Çalışmada, ” Ankara, Mavi Vatan doktrini aracılığıyla, Avrupa’yı Hint Okyanusu’na bağlayan ticaret yollarının zarurî geçiş noktası olan Doğu Akdeniz’e ve buna bağlı olarak Güneydoğu Asya pazarlarına hakim olmaya çalışıyor” kelamları sarf edildi. Türkiye’nin kısa vadede milletlerarası bir güç haline gelmesinden telaş duyduklarını belirten Yunan uzmanlar, “Türkiye, Karadeniz ve Süveyş Kanalı’ndan Orta Akdeniz’e kadar olan deniz yollarını denetim ederek, Avrupa’ya giden esas doğu transit yollarını denetim edecek ve tartışılmaz bölgelerarası güç haline gelecektir” dedi. Libya ile imzalanan MEB muahedesini maksat alan Yunan uzmanlar, “Bu muahedeyi Mavi Vatan doktrini bağlamında kullanan Türkiye, yalnızca Ege’de yahut Doğu Akdeniz’de değil, Orta Akdeniz’de de güç sahibidir” kelamlarını kullandı.

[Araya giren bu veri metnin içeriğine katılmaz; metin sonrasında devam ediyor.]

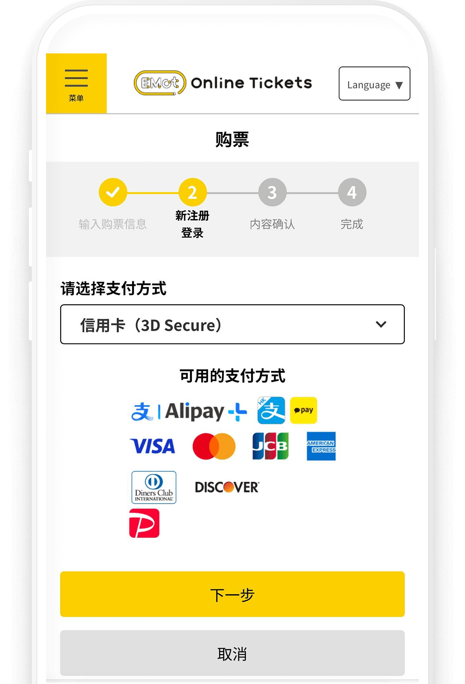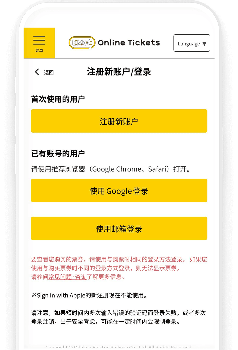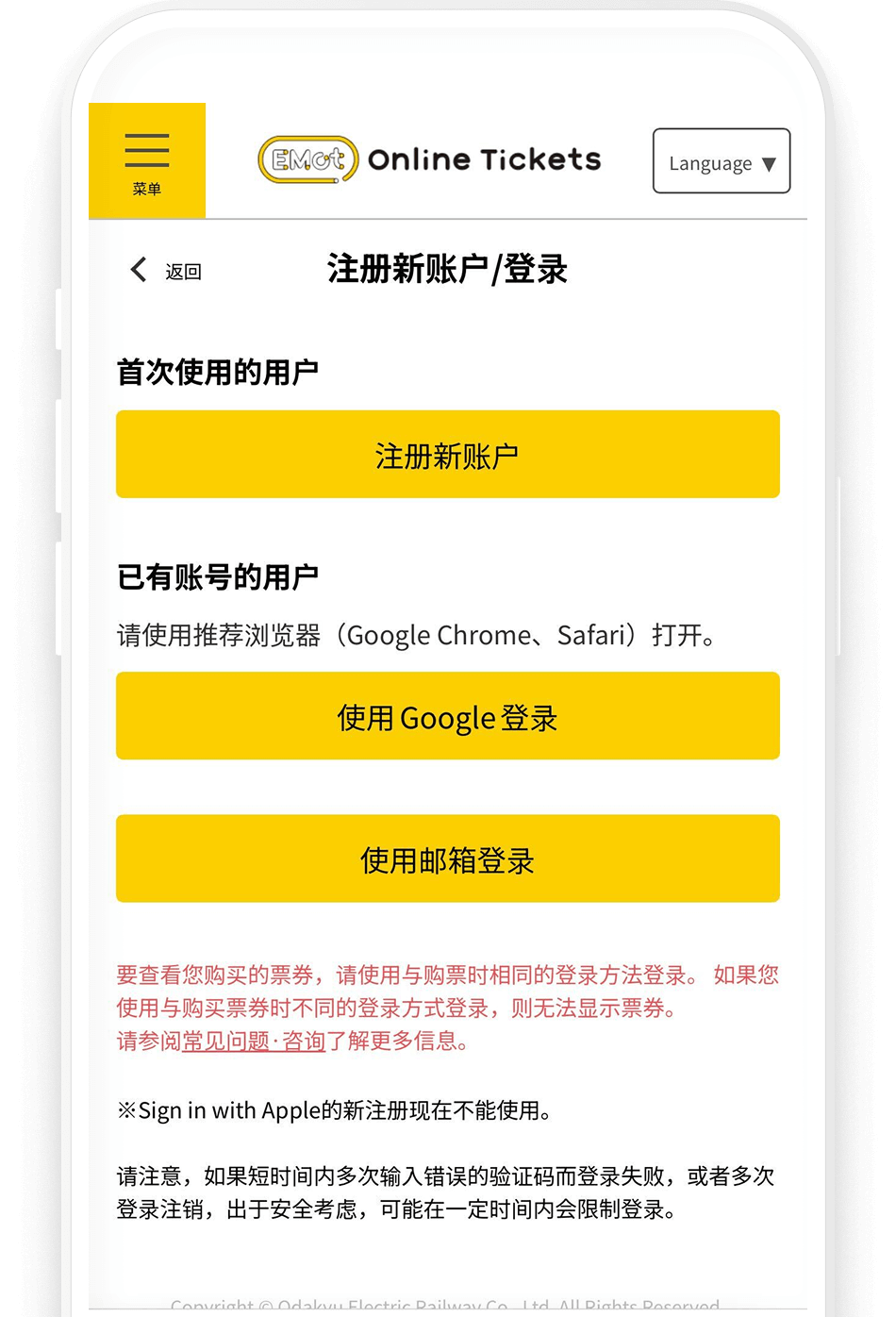 车票只能在智能手机上购买和显示。请注意,个人电脑和平板电脑无法使用。

“TÜM BÖLGESEL PROBLEMLERDE VAR”

Türkiye’nin, Mavi Vatan doktrininin kıymetine değinilen raporda, Ankara’nın diplomatik gayretlerini ve milletlerarası hukuk yoluyla haklarını arama teşebbüsünü yok sayan kelamlar sarf edildi. “Doğu Akdeniz’deki güç boşluğunda bölgesel hegemonya talep etmek için ‘sert güç’ kullanımına başvurmuştur” denilen yazıda, Türkiye’nin bölgesel tüm problemlere dahil olduğuna dikkat çekildi. Mavi Vatan vizyonunun kıtalararası bir objektifi olduğuna işaret eden uzmanlar, “Bir vakitler Osmanlıların elinde bulundurduğu ticaret ve deniz gücünü yine kazanmak için Türkiye’nin Akdeniz’de aktif olduğunu” vurguladı.

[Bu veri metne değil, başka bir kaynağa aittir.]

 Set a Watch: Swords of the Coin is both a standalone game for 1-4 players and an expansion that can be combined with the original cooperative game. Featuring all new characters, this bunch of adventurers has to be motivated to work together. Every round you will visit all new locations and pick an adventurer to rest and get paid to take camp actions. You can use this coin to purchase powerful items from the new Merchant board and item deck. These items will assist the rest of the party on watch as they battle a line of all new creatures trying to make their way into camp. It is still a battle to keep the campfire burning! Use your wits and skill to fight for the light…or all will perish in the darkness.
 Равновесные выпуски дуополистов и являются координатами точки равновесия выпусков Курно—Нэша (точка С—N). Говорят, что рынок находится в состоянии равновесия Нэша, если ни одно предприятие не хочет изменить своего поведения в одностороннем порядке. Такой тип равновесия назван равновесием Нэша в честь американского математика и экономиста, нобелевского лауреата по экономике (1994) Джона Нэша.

Yeni Şafak’ın haberine nazaran raporda, Türkiye’nin Batı’yla değişen bağ biçimi de “eşit halde müzakere” etmek diye tanımlanıyor. Türkiye’nin kendisini, ABD, Çin ve Rusya’nın bölgede varlıklarını sağlamaları için muahedeye varılması gereken en değerli güç ve ortak olarak konumlandığı belirtildi.

“AFRİKA’DA İSLAM’IN ÖNDE GELEN GÜCÜ OLMAYI HEDEFLİYOR”

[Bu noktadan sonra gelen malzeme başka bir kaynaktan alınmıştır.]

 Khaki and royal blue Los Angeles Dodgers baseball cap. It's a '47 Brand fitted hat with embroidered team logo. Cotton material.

Ankara’nın Afrika’da yürüttüğü siyasete da değinilen raporda, “Türkiye, Afrika’da oluşturduğu siyasi, ekonomik, askeri ve kültürel nüfuzu onun bölgeler ortası emellerinin göstergesidir. Ankara, Afrika ülkelerinin Batı’dan kurtuluşunda sömürgecilik aksisi duruşu yansıtırken, İslam’ın önde gelen gücü olmayı hedefliyor” denildi. Türkiye’nin Müslüman dünya ile olan bağlarını destekleyen atılımlarda bulunduğunu vurgulayan uzmanlar, Erdoğan’ın sömürge sonrası telaffuzunun Afrika’da tesirli olduğunu ve kıtanın Müslüman çoğunluklu ülkelerinde Türkiye’nin tesirini artırmaya yardımcı olduğuna dikkati çekti. Türkiye’nin Afrika’da başarılı bir “yumuşak güç” aracı olarak eğitimi desteklediğine ve yeni bir Müslüman kuşak eğittiğine işaret edildi.